Ceylon Electricity Board (CEB) makes thumping Rs. 61.2 billion profits last year
The Ceylon Electricity Board (CEB) has declared thumping profits for 2023, amounting to Rs. 61.2 billion for the Board and Rs. 75.7 billion for the group (which includes other investments), according to its unaudited interim financial statements for the year ended December 31.
These numbers were largely driven by soaring profits from October to December last year.
Industry experts said such earnings were made possible due to massive rainfall received across the country from September onwards, allowing the CEB to dramatically reduce oil and coal-based generation.
Higher rainfalls are normally received during October–December in an El Nino year.
Meteorology Department data show there was above-average rainfall from October to December last year.
The financial statements demonstrate that October to December revenue includes an additional Rs. 21 billion from the 18% tariff increase in October 2023, which was effected as an “emergency measure” after the CEB warned that it risked closing the year with a Rs. 18 billion loss without it.
But the statements also show that the CEB would have ended up with significant profits (about Rs. 40 billion) even without the tariff increase, raising further concerns regarding the analysis behind the hike.
At a public consultation held in October last year by the sector regulator, the Public Utilities Commission of Sri Lanka (PUCSL), all stakeholders opposed a tariff increase.
They noted that CEB’s projected costs for 2024 had been significantly overstated.
However, the PUCSL rubber stamped the CEB’s proposed 18% tariff hike without change the following day but did not release its customary “decision document” to explain and justify the approved percentage revision.
The financial statements and recent tariff submissions also raise concerns about the CEB’s financial planning and projections.
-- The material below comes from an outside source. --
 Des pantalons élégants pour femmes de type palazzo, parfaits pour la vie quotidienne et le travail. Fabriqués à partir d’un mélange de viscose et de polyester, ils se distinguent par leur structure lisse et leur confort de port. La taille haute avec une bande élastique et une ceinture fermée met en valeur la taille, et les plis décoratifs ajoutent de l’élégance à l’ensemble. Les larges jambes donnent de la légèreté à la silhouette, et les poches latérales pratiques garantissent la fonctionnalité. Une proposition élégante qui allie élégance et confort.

In its tariff submission filed with the PUCSL on January 12 last year, the CEB estimated the 2023 profits of the Board to be Rs. 48 billion.
During the public consultation, however, the utility estimated the profits to be Rs. 58 billion. The accounts now show them to be Rs. 61 billion.
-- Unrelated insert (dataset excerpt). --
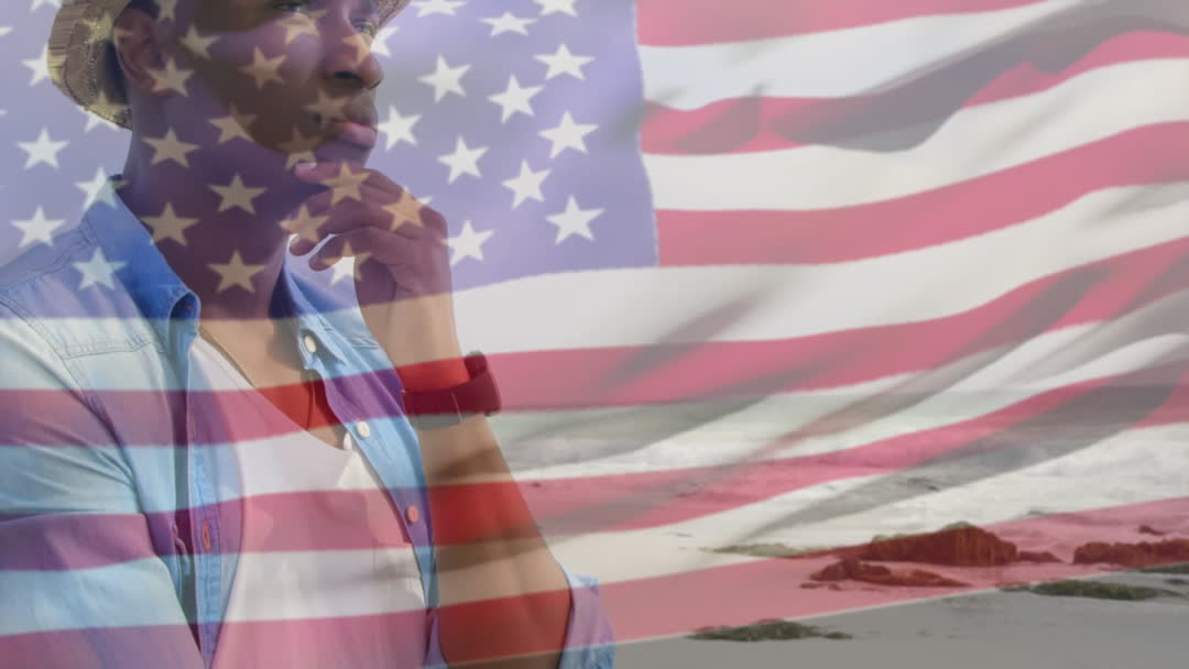 Contemplative African American Overlaid with USA Flag at Beach Video

Post-public consultations, the CEB has agreed to review and reduce the costs as well as resubmit the tariff proposals.
Power and Energy Minister Kanchana Wijesekara has said that the October 2023 tariff increase will at least be reversed.
Accordingly, tariff documents resubmitted by the CEB to the PUCSL on February 22 show a reduction in the projected costs of some line items and increases in others.
For instance, generation capacity costs were reduced by Rs. 55 billion, distribution costs by Rs. 18 billion, and finance costs by Rs. 5 billion.
But “other costs” under generation capacity have been upwardly revised by Rs. 5 billion and the debt service charge by Rs. 8 billion.
Even the formulaic independent power producer capacity charge costs have gone up by Rs. 5.7 billion.
Analysts say this raises concerns regarding the CEB’s estimation and review process.
Separately, PUCSL sources said they held discussions with the CEB regarding its latest filings and that the utility has agreed to further reduce the costs and resubmit its tariff proposal in the coming week.